Strong RL

Action Spaces

Action Spaces (implemented in strong_rl.actions.actionspace.ActionSpace) define the possible set of actions that can be recommended to a target. At minimum, an action space will store and yield actions that represent possible actions for every target. However, in most cases, they will also have a .constrain() method that receives a target and removes certain actions from the action space so that the agent is restricted in its choice.

For example, we might define an action space of potential coupons to send:

class Coupon(Action):
    name = "Coupon"

    amount = DataField(FloatType(), False)

class CouponActionSpace(ActionSpace):
    actions = [
        (NullAction(),),
        (Coupon(amount=10),),
        (Coupon(amount=25),),
        (Coupon(amount=50),),
    ]

    def constrain(self, target):
        # restrict to coupons that are less than the target's lifetime revenue
        self.actions = [c for c in self.actions if c.null or c.amount < target.lifetime_revenue]

We have 4 potential actions that can be taken care: 3 coupons of increasing amounts or a NullAction() — i.e., not doing anything at all. (In Strong-RL, we specifically encode not doing something as doing nothing, see below).

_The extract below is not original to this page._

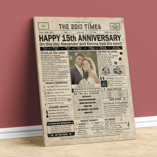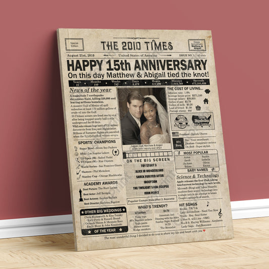 Personalized 15th Anniversary Gift: A Printable US Newspaper Poster of 2010

Note that actions in action space are combined in tuples, allowing for the action space to yield “bundles” of actions that must be selected together. (In this case, each bundle has only a single action in it).

In this simple case, the action space is constrained based on a business rule that we don’t want to send a coupon to someone that is greater than their lifetime of spending with the company.

Actions

As can be seen above, actions inherit from the Action class (implemented in strong_rl.actions.action.Action) and specify the name of the action as well as the possible properties of the action in an action-specific schema.

Specific actions are instances of this class with values for those properties passed as kwargs. When written to the datalog, properties are written as JSON objects, so all properties must have JSON-serializable types (e.g., floats, integers, strings, lists, structs).

Null Actions

When an agent chooses to do nothing in Strong-RL, it explicitly records this decision by recommending a NullAction(). A null action does not have any properties. It simply says: we didn’t do anything.

We record null actions (as opposed to recording nothing at all) so we have an explicit record of each agent decision and, because in many real-world applications of reinforcement learning, we want to learn when doing nothing is actually the best thing to do.

Action Constraints

Action constraints are typically implemented via the action space (see the example above) and are a means of expanding or restricting the action space based on various business rules or other logic.

For simple constraints, it is typical to modify the action space using simple iteration and set logic in standard Python. However, in high-performance contexts with many constraints and a larger action space, this can cause performance issues. In these latter cases, we recommend conceptualizing the action space as a fixed-order, 1-dimensional numpy array where 1 represents a possible action and 0 represents an impossible action. Constraints can then mask certain indices on this vector via fast vector multiplication at significantly higher speeds in numpy than any standard Python data structures.